◆ **PROBLEM REQUIREMENTS**: In the records below, find the line that contains "海ノ民話のまち 富山県氷見市". Retype that line and all the lines after it through the end, leaving out the pictures.

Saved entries
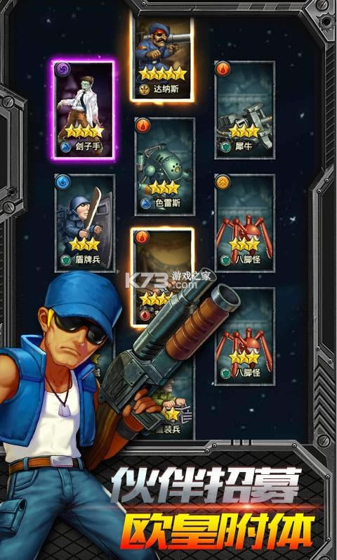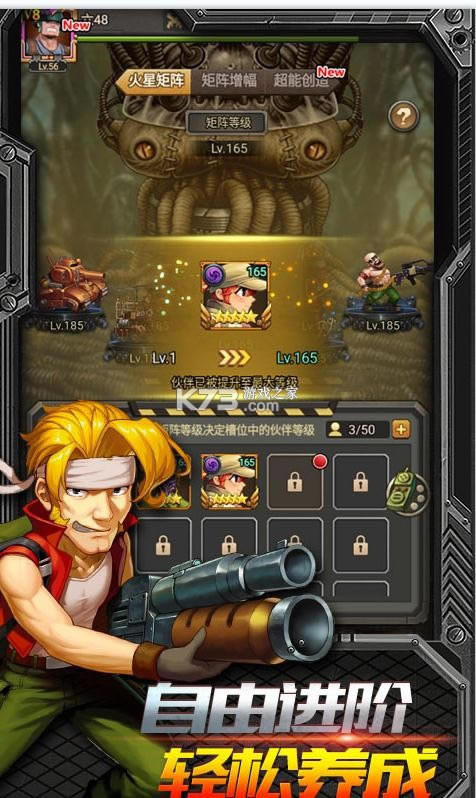 这里有丰富的合金角色,甚至连小兵都能培养,只有你想不到的,没有你抽不到的!这里有你没听过的合金故事,大反派莫顿的过往,会波动拳的俘虏老头的真实身份等你来一探究竟!这里还有我们对合金弹头永远不变的热爱和激情,少年,行动开始了,快来召集你的合金伙伴,加入我们的征伐队伍中吧!
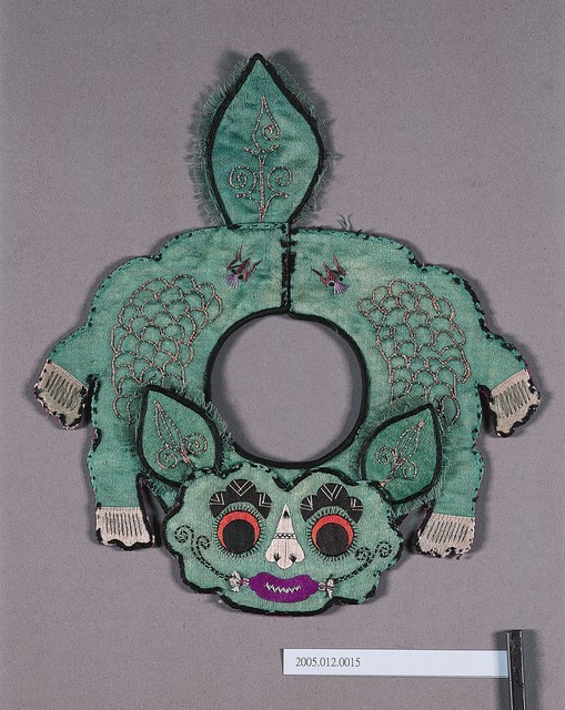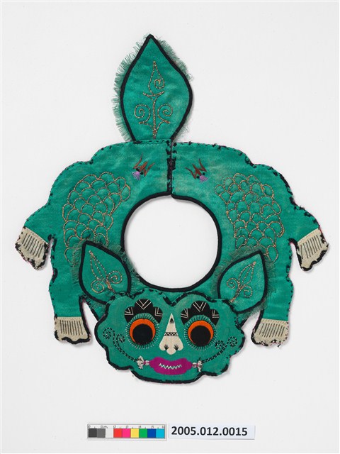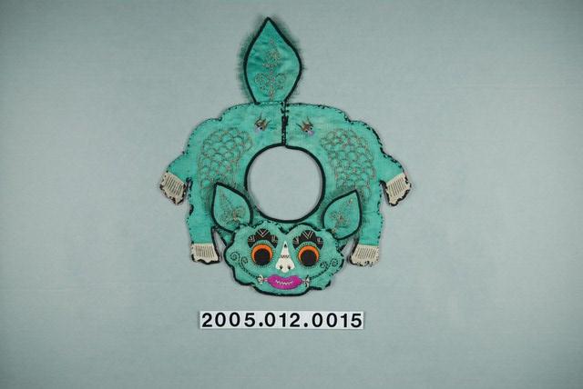2005.012.0015 青綠緞地麒麟彩繡圍涎
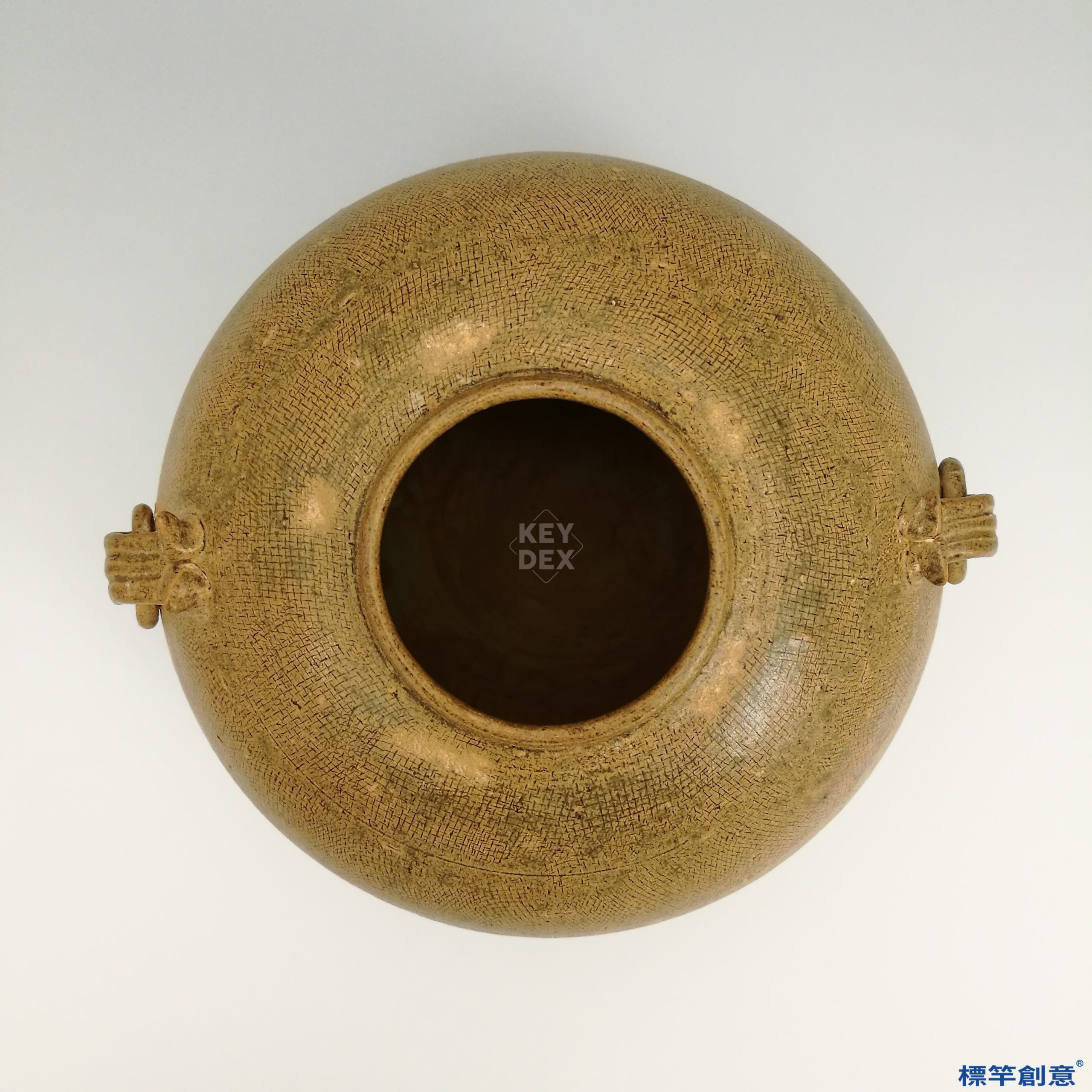 本器以輪製成形,肩部貼塑獸耳與銜環,腹部布紋以壓印模具連續壓製,乾燥後施黃釉入窯燒成。越窯黃釉屬高鐵釉料,經還原氣氛燒成後呈土黃色至橄欖黃,燒成溫度約在1200℃上下,釉面穩定且貼合胎體。
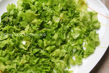 На листья салата выложить замешанный салат,а поверх него положить грибы . Салатик понравился всем,и эстетично выглядит ,вкусно и полезно.
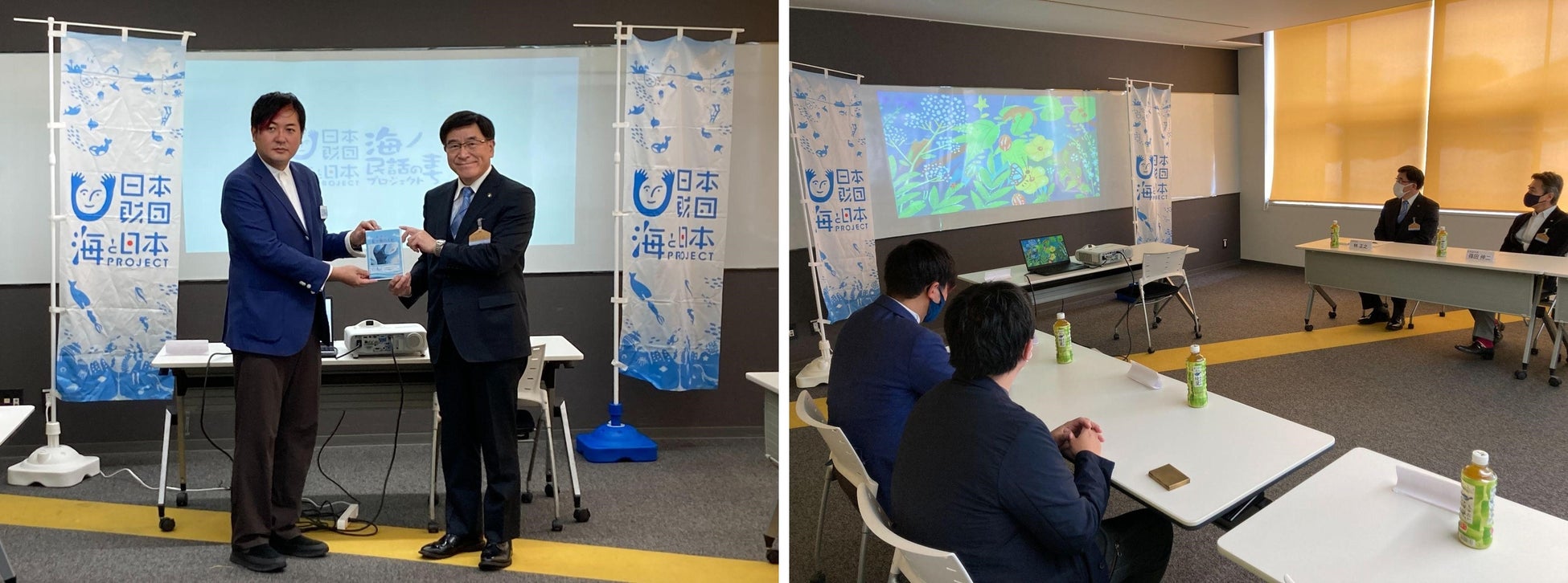 海ノ民話のまち 富山県氷見市のアニメ「虻が島の大蛇」が完成!認定委員長が林正之市長を表敬訪問し完成アニメを贈呈
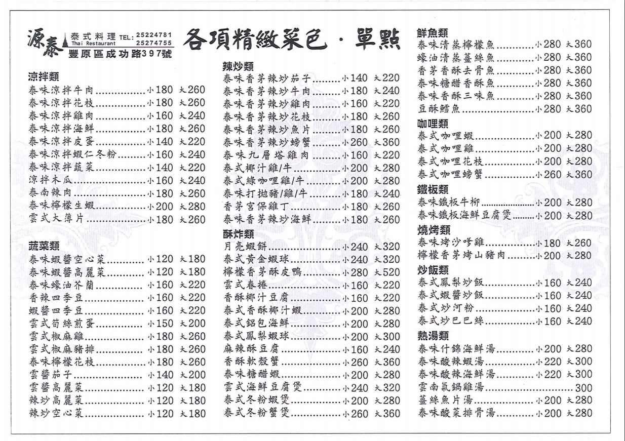 近年來泰國料理在台灣十分盛行,對於異國料理的接受度也相當的高,從泰式熱炒到泰式餐廳一間間如雨春筍的開立,酸、甜、鹹、辣豐富具層次感的味蕾體驗,頗受台灣人歡迎與喜愛。然而,也擁有美食天堂之稱的台中,在豐原區成功路上開了一間道地又到味的泰式料理餐廳,名為【源泰泰式料理】。餐點提供以傳統道地的泰式料理為主,從涼拌、辣炒、酥炸到燒烤......等各式各樣的菜色變化,讓顧客從道道美食中更進一步認識泰國飲食文化。食材嚴選、製作用心、品質講究,將家鄉味的精髓融合臺灣喜愛口味完美呈現!本次與GOMAJI聯合推出麻吉獨享超超超値優惠,聚餐、吃飯,地點還沒想到嗎?趕緊下載GOMAJI APP搜尋台中必吃異國料理餐廳,來【源泰泰式料理】好好品味一番吧!
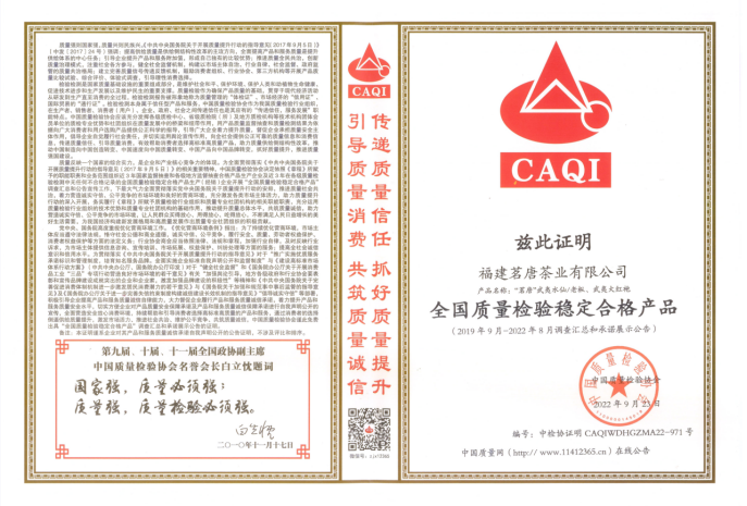 在今年全国“质量月”活动中,福建茗唐茶业有限公司踏着迈向高质量发展的铿锵步伐,凭借强劲实力荣获由中国质量检验协会颁发的“全国质量诚信标杆企业”、“全国茶业行业质量领先品牌”和”全国质量检验稳定合格产品”三大荣誉证书。荣获此次殊荣,不仅是行业和权威机构对茗唐茶企的高度认可,更是对茗唐产品质量的极大肯定。
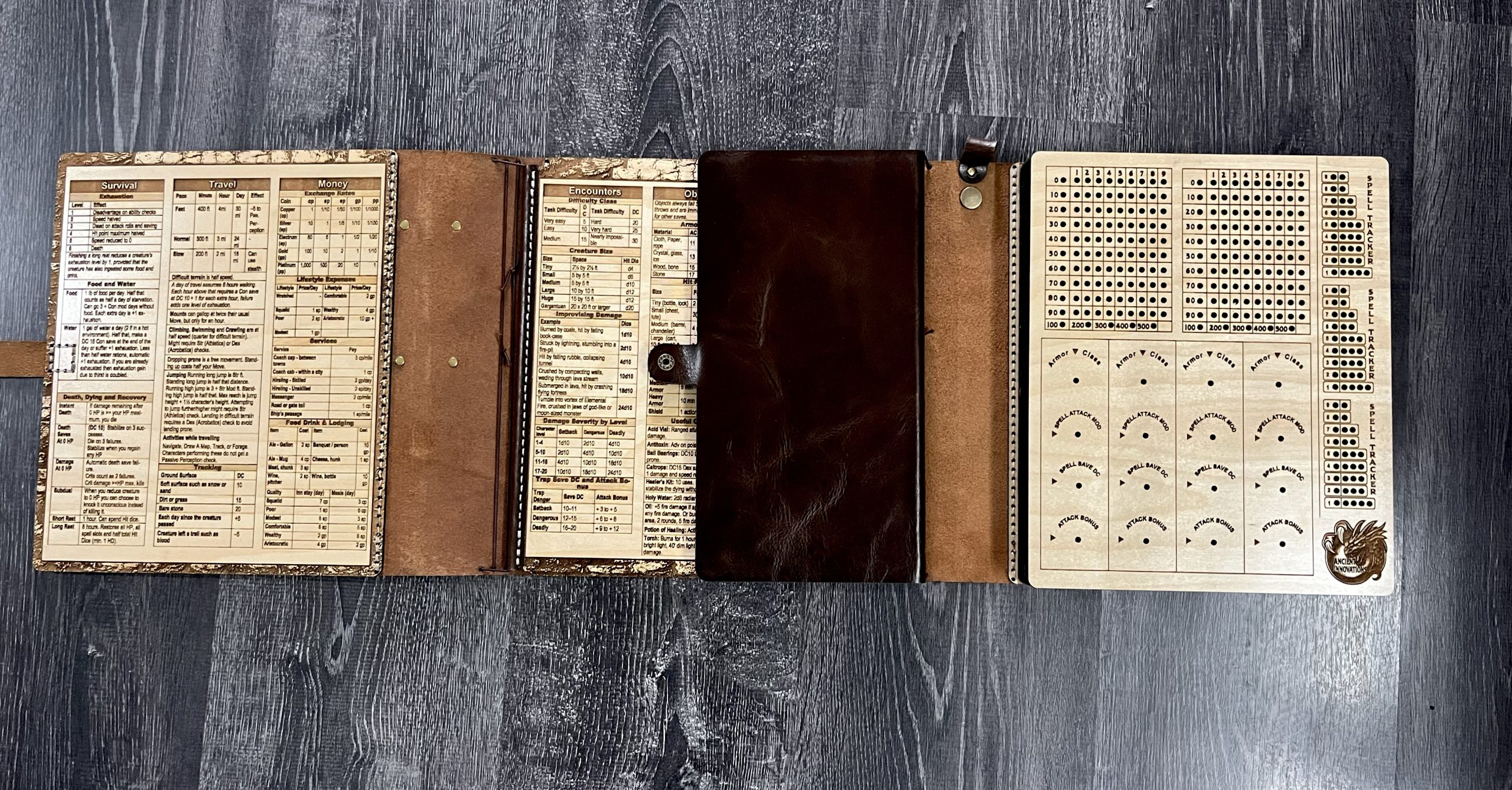 Handcrafted from engraved wood and hand-stitched genuine leather, this screen is built to command the table while keeping your secrets safely hidden behind its walls.

◆ **RESULT OF THIS TASK**:
 海ノ民話のまち 富山県氷見市のアニメ「虻が島の大蛇」が完成!認定委員長が林正之市長を表敬訪問し完成アニメを贈呈
 近年來泰國料理在台灣十分盛行,對於異國料理的接受度也相當的高,從泰式熱炒到泰式餐廳一間間如雨春筍的開立,酸、甜、鹹、辣豐富具層次感的味蕾體驗,頗受台灣人歡迎與喜愛。然而,也擁有美食天堂之稱的台中,在豐原區成功路上開了一間道地又到味的泰式料理餐廳,名為【源泰泰式料理】。餐點提供以傳統道地的泰式料理為主,從涼拌、辣炒、酥炸到燒烤......等各式各樣的菜色變化,讓顧客從道道美食中更進一步認識泰國飲食文化。食材嚴選、製作用心、品質講究,將家鄉味的精髓融合臺灣喜愛口味完美呈現!本次與GOMAJI聯合推出麻吉獨享超超超値優惠,聚餐、吃飯,地點還沒想到嗎?趕緊下載GOMAJI APP搜尋台中必吃異國料理餐廳,來【源泰泰式料理】好好品味一番吧!
 在今年全国“质量月”活动中,福建茗唐茶业有限公司踏着迈向高质量发展的铿锵步伐,凭借强劲实力荣获由中国质量检验协会颁发的“全国质量诚信标杆企业”、“全国茶业行业质量领先品牌”和”全国质量检验稳定合格产品”三大荣誉证书。荣获此次殊荣,不仅是行业和权威机构对茗唐茶企的高度认可,更是对茗唐产品质量的极大肯定。
 Handcrafted from engraved wood and hand-stitched genuine leather, this screen is built to command the table while keeping your secrets safely hidden behind its walls.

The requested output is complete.